Мой личный рекорд. Митрич посмотрел на мишень и ничего не сказал. Только коротко кивнул. Так, как кивают только в Громовке, когда в этот жест помещается больше слов, чем в любом словаре.
Я вышел от Митрича в темноту и отправился домой.
Изба теплая, Степаныч привез уголь, как обещал, и с тех пор печь топилась каждый день. Бревенчатые стены нагрелись.
Мать гладила рубашку. Белую, новую, хлопчатобумажную, с отложным воротником и перламутровыми пуговицами, купленную три дня назад в сельпо за два рубля сорок.
Два рубля сорок это восемь литров молока, которые Зорька дает за два дня. Мать сказала: «Надо же тебе в чем-то приличном ехать».
Утюг чугунный, тяжелый, с деревянной ручкой, обмотанной тряпкой, чтобы не жгло ладонь. Грелся на печи, на чугунной плите, мать проверяла готовность по-старинному, поднесла к щеке, подержала, кивнула.
Подложкой служило старое одеяло, сложенное вчетверо, на столе, поверх клеенки. Рубашка расправлена, рукава разложены, воротник отогнут.
Мать гладила тщательно, медленно, вдавливая утюг в ткань всем весом. Каждая складка на два прохода.
Первый с нажимом, утюг шипит, от ткани поднимается легкий пар, второй разглаживающий, легкий. Манжеты отдельно, по изнанке, потом снаружи.
Воротник тоже с изнанки, от углов к центру. Планка с пуговицами кончиком утюга, осторожно, чтобы не задеть перламутр.
Я сидел на лавке у стены и смотрел на ее руки. Утюг ушел вправо, на рубашке появилась складка, затем утюг вернулся, складка разгладилась.
Руки загорелые до локтей, выше белые, с резким контрастом, только загар побледнел, пожелтел, начал сходить. Пальцы сухие, с трещинами на костяшках, с заусенцами у коротко стриженных ногтей. Обручальное кольцо потемневшее, узкое, чуть ли не вросшее в палец за годы, поблескивало при каждом движении утюга.
Мать старалась. В рамках того, что считала правильным.
Рубашка белая и новая, для собеседования в ПТУ, потому что сын едет в город поступать, он должен выглядеть прилично. Другой рубашки у него нет, а старая серая, застиранная, с заплатой на локте, не годится.
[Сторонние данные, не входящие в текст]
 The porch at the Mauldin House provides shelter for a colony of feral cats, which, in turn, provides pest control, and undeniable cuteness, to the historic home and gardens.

Мать не понимала зачем мне многоборье ГТО, утренние пробежки и палка у амбара. Но ПТУ, получение специальности, стипендию и общежитие прекрасно понимала. И гладила не просто вещь, в которую вложены два рубля сорок копеек, а вся надежда ее жизни.
Я встал. Молча, не объясняя. Вышел через сени на крыльцо и во двор.
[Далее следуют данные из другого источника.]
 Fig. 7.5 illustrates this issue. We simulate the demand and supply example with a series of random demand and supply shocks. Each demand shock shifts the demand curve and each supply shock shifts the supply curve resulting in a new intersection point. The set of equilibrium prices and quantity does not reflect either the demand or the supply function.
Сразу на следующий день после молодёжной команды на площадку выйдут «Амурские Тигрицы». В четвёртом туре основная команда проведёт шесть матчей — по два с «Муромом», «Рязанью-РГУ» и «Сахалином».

Темно, звезды светят, холодно, изо рта шел пар. Зорька в хлеву, там тихо, значит спит.
Куры на насесте тоже молчат. Петух тот самый, рыжий, с заживающим гребнем и поврежденной ногой, сидел на жердочке, одноглазый и нахохлившийся. Победитель.
Я зашел в сарай. Дверь скрипнула, в нос ударил запах дерева и сырости. Темно, только полоска лунного света пробивалась в щели между досками стены. Я стоял в темноте, дышал и считал.
Каждый вдох причинял боль. Не острую или режущую, а тянущую, привычную, на четверку из десяти, когда десять это когда кашляешь и сплевываешь кровь.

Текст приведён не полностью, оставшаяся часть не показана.